[Dataset items]
☆ ☆ ☆ ☆ ☆ ☆ ☆

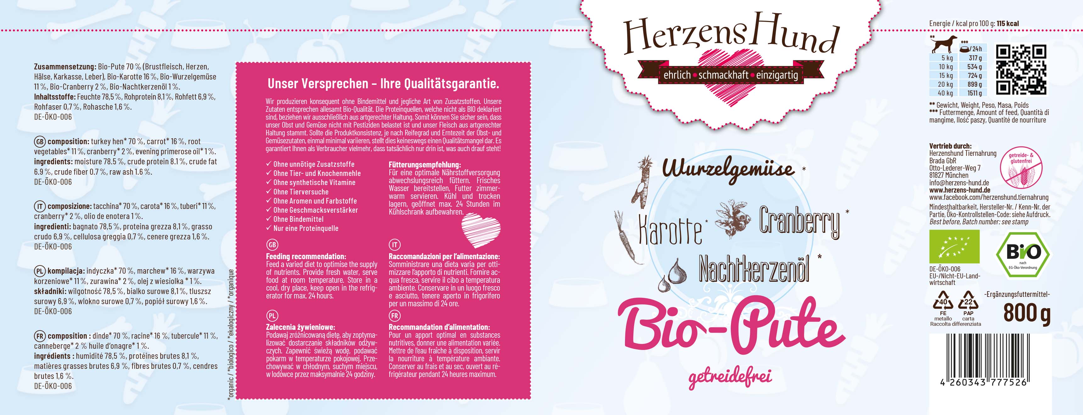 Hunde Ergänzungsfutter Bio Pute, Karotte getreidefr. 800g HerzensHund - Bild 1
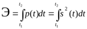 (интеграл от мгновенной мощности p(t) на интервале [t1, t2]). Или, в соответствии с Error: Reference source not found, энергия сигнала
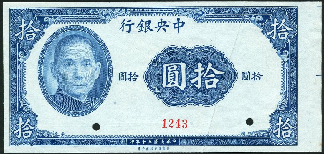 Central Bank of China, specimen 10 yuan, 1941, red serial number 1234, blue and white, Sun Yat Sen at left, reverse green, value, also an reverse uniface specimen of the same type
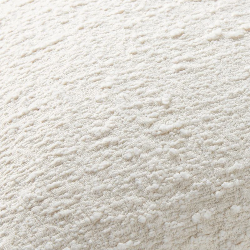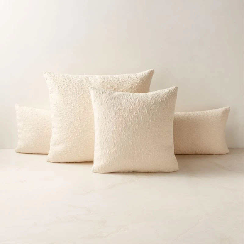 Ivory boucle pillow is rich in texture and adds visual interest to sofas, beds and accent chairs alike. CB2 pillows include a pillow insert in your choice of feather-down or down alternative. CB2 exclusive.
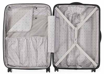 - Rollen: Trolley mit 8 Rollen, Acht drehende Spinnerrollen erlauben dem Koffer in jede Richtung 360 Grade drehen zu können.
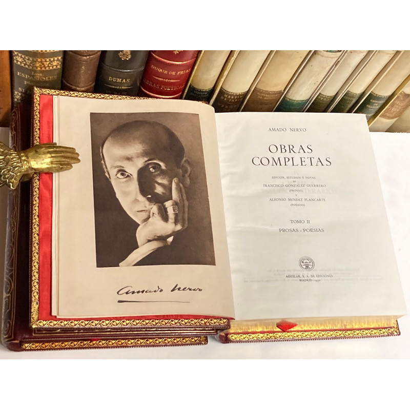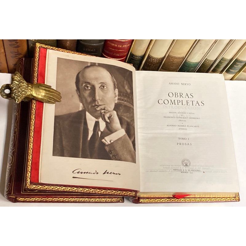 2 vols. 8º mayor (18,5 x 15 cm). TOMO I: Prosas. 1 retrato + 1454p. TOMO II: Prosas-Poesías. 1 retrato + 1889p. Impresión en papel biblia. ENCUADERNACIÓN EDITORIAL DE LUJO realizada en plena piel de color rojo. Estampación dorada a plancha con motivos vegetales en planos y lomo, éste último cuajado, con autor y título en el compartimento central, ruedas doradas en cantos y contracantos (con motivos vegetales), guardas de moaré y cortes dorados.
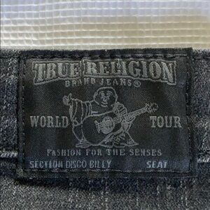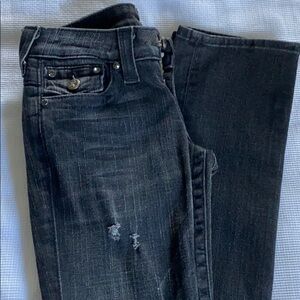 True Religion black jeans size 25 straight legs, rhinestones buttons details. Shirt zipper. Distressed. Gently used condition. 99% cotton and 1% elastine

☆ ☆ ☆ ☆ ☆ ☆ ☆

What this task involves = Return the lines above from the one with "(интеграл от мгновенной" through the one with "Ivory boucle pillow", verbatim and nothing else. Omit every picture.

Answer to this problem =
 (интеграл от мгновенной мощности p(t) на интервале [t1, t2]). Или, в соответствии с Error: Reference source not found, энергия сигнала
 Central Bank of China, specimen 10 yuan, 1941, red serial number 1234, blue and white, Sun Yat Sen at left, reverse green, value, also an reverse uniface specimen of the same type
 Ivory boucle pillow is rich in texture and adds visual interest to sofas, beds and accent chairs alike. CB2 pillows include a pillow insert in your choice of feather-down or down alternative. CB2 exclusive.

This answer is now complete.